§ Records to process:

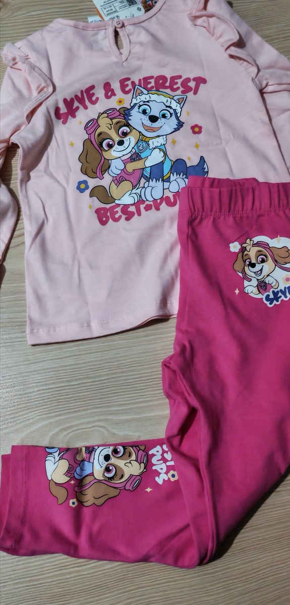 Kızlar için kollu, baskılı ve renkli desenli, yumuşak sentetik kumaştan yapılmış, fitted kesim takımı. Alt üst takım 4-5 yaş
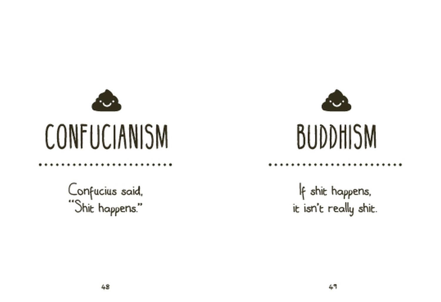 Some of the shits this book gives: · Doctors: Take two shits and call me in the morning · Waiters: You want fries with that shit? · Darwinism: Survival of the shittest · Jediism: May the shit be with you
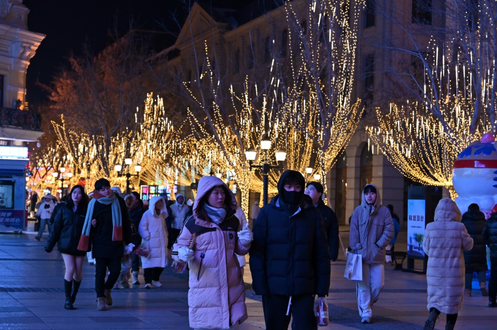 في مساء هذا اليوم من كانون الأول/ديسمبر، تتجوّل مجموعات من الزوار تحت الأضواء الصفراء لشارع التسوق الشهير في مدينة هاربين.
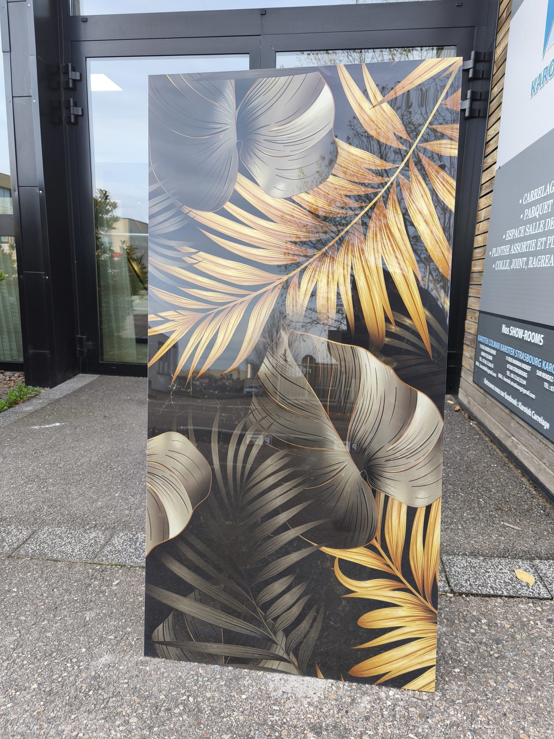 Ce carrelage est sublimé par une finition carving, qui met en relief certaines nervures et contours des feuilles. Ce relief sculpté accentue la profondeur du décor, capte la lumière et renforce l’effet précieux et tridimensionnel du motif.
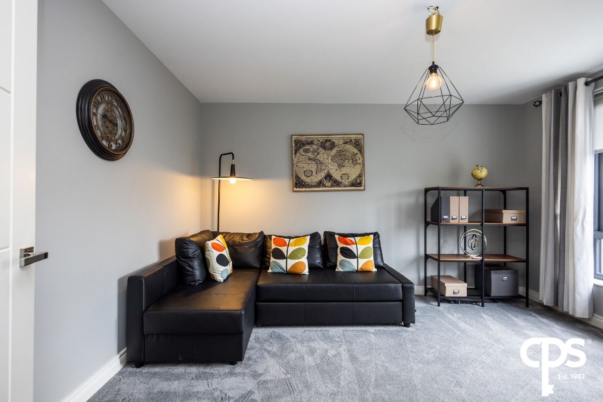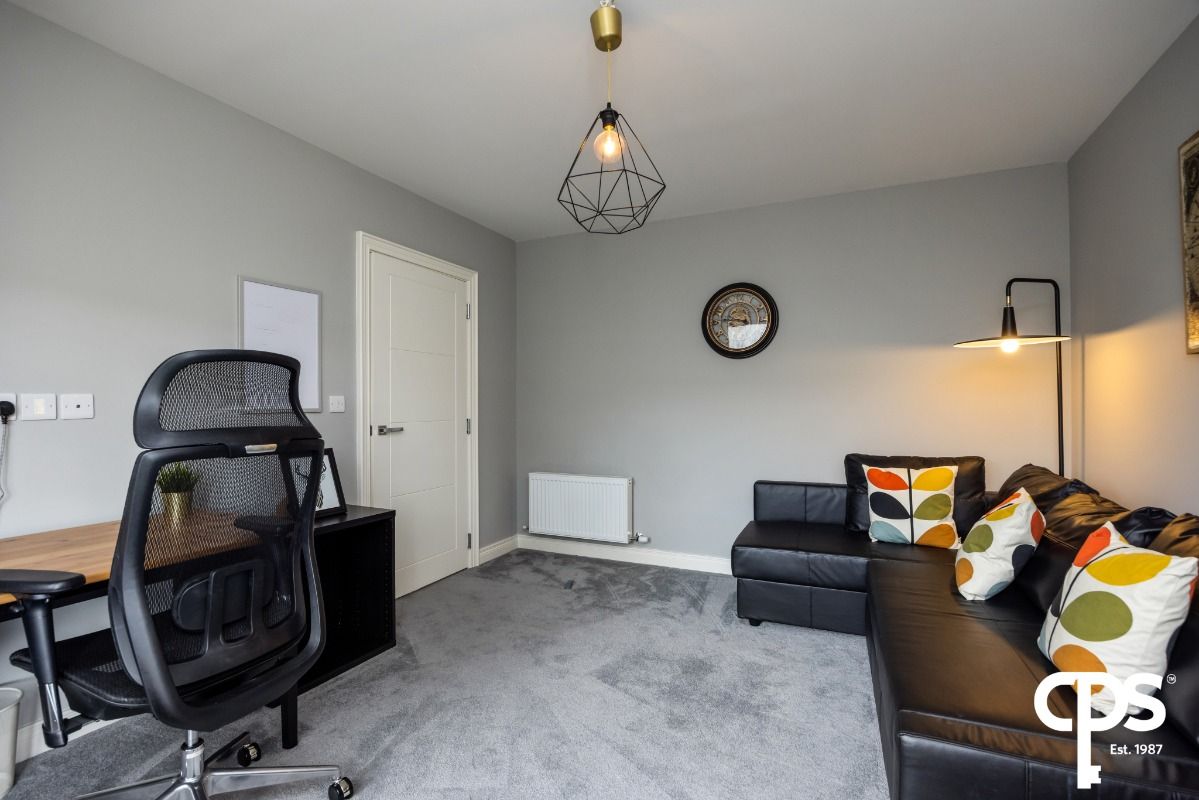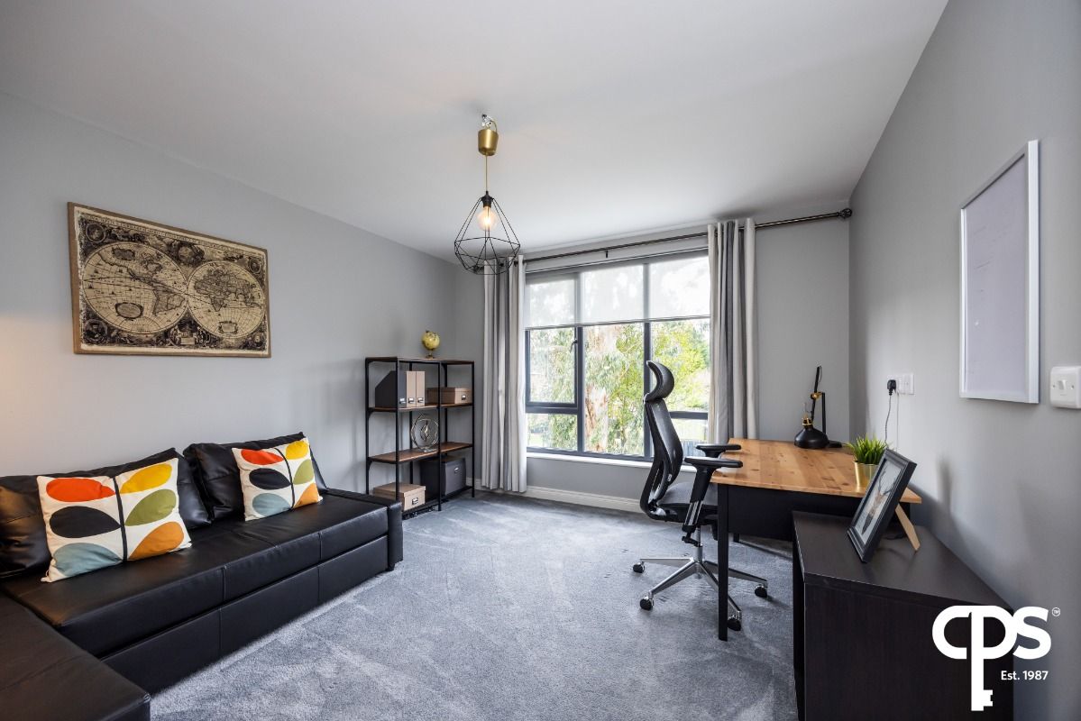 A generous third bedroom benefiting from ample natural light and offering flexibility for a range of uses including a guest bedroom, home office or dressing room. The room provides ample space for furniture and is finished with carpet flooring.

§ Task to complete:
Your answer must be an exact copy of the entries above, with no pictures in it.

§ Solution to this exercise:
 Kızlar için kollu, baskılı ve renkli desenli, yumuşak sentetik kumaştan yapılmış, fitted kesim takımı. Alt üst takım 4-5 yaş
 Some of the shits this book gives: · Doctors: Take two shits and call me in the morning · Waiters: You want fries with that shit? · Darwinism: Survival of the shittest · Jediism: May the shit be with you
 في مساء هذا اليوم من كانون الأول/ديسمبر، تتجوّل مجموعات من الزوار تحت الأضواء الصفراء لشارع التسوق الشهير في مدينة هاربين.
 Ce carrelage est sublimé par une finition carving, qui met en relief certaines nervures et contours des feuilles. Ce relief sculpté accentue la profondeur du décor, capte la lumière et renforce l’effet précieux et tridimensionnel du motif.
 A generous third bedroom benefiting from ample natural light and offering flexibility for a range of uses including a guest bedroom, home office or dressing room. The room provides ample space for furniture and is finished with carpet flooring.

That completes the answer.